## RECORD SET

##########

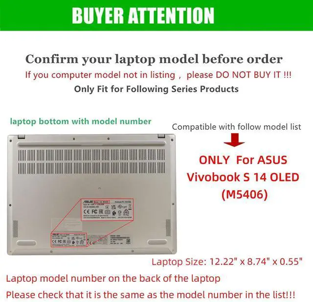 Dimensions: laptop size (L X D X H): 12.22" x 8.74" x 0.55" ~ 0.63". This case is compatible with for ASUS Vivobook S 14 OLED (S5406) 14 inchNotebook PC (Please check your laptop model!!! )
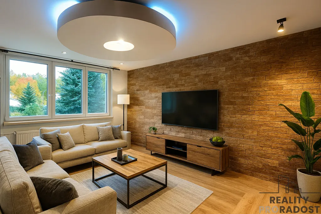 Byt je světlý, útulný a po rekonstrukci, která zahrnovala nová plastová okna, elektroinstalaci, rozvody vody a odpadu, nové omítky, plovoucí podlahy.
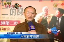 2012-11-29 21:54:01好久不見的國寶級相聲大師吳兆南,今年受國光劇團的邀請,特別從美國返台灣,高齡88歲的他,這次不說相聲,而是要回到他的老本行,京劇,和魏海敏、唐文華共同演出《紡棉花》,以及他的拿手好戲《打麵缸》,將在中國新年,粉墨登場,也透過鏡頭,特別用相聲跟新唐人的觀眾朋友,拜個早年。
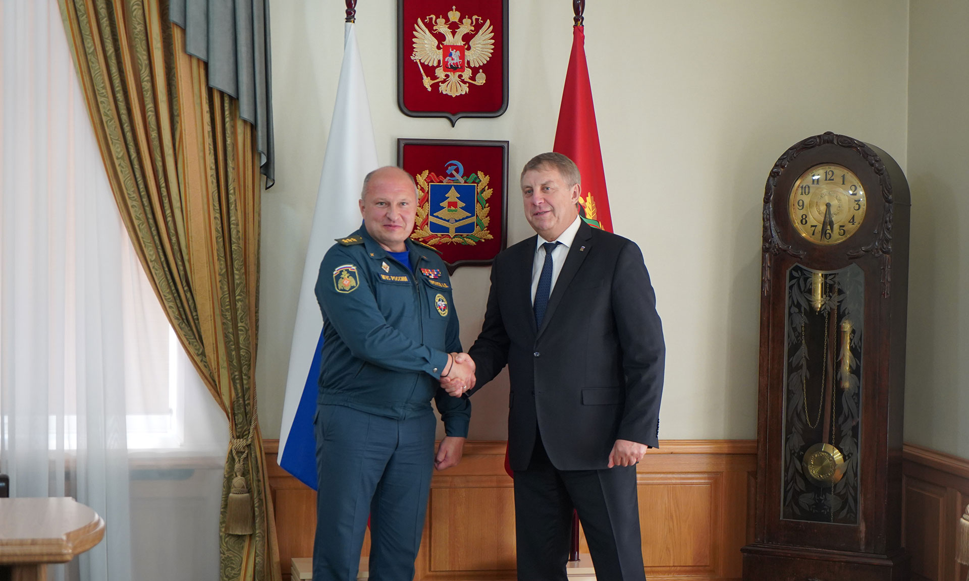 Состоялась рабочая встреча Министра РФ по делам гражданской обороны, чрезвычайным ситуациям и ликвидации последствий стихийных бедствий Александра Куренкова и Губернатора Брянской области Александра Богомаза.
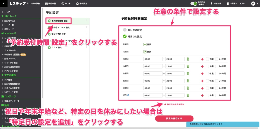 予約設定のメニューから「予約受付時間 設定」をクリックして、予約の受付時間を設定しましょう。
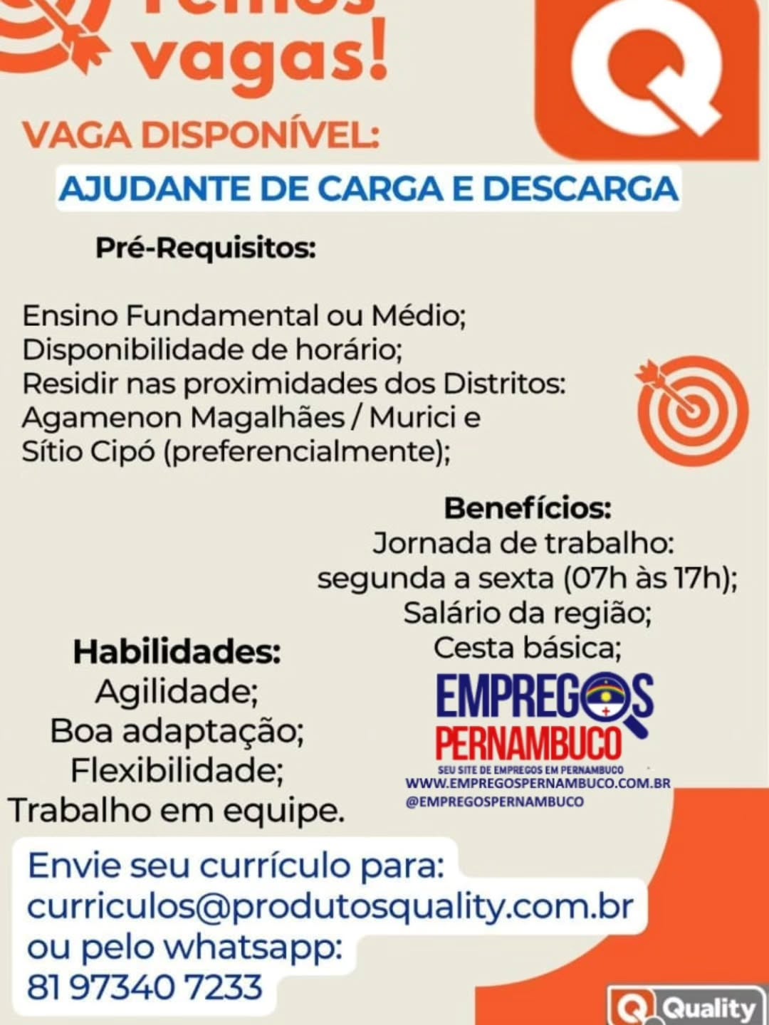 1 Vaga de emprego para Ajudante De Carga E Descarga em Produtos Quality / Empregos Pernambuco nesta segunda-feira (30/03)

##########

The lines wanted run from the line containing "Byt je světlý, útulný" through the end of the entries; return them exactly, both ends included, and keep pictures out.

 Byt je světlý, útulný a po rekonstrukci, která zahrnovala nová plastová okna, elektroinstalaci, rozvody vody a odpadu, nové omítky, plovoucí podlahy.
 2012-11-29 21:54:01好久不見的國寶級相聲大師吳兆南,今年受國光劇團的邀請,特別從美國返台灣,高齡88歲的他,這次不說相聲,而是要回到他的老本行,京劇,和魏海敏、唐文華共同演出《紡棉花》,以及他的拿手好戲《打麵缸》,將在中國新年,粉墨登場,也透過鏡頭,特別用相聲跟新唐人的觀眾朋友,拜個早年。
 Состоялась рабочая встреча Министра РФ по делам гражданской обороны, чрезвычайным ситуациям и ликвидации последствий стихийных бедствий Александра Куренкова и Губернатора Брянской области Александра Богомаза.
 予約設定のメニューから「予約受付時間 設定」をクリックして、予約の受付時間を設定しましょう。
 1 Vaga de emprego para Ajudante De Carga E Descarga em Produtos Quality / Empregos Pernambuco nesta segunda-feira (30/03)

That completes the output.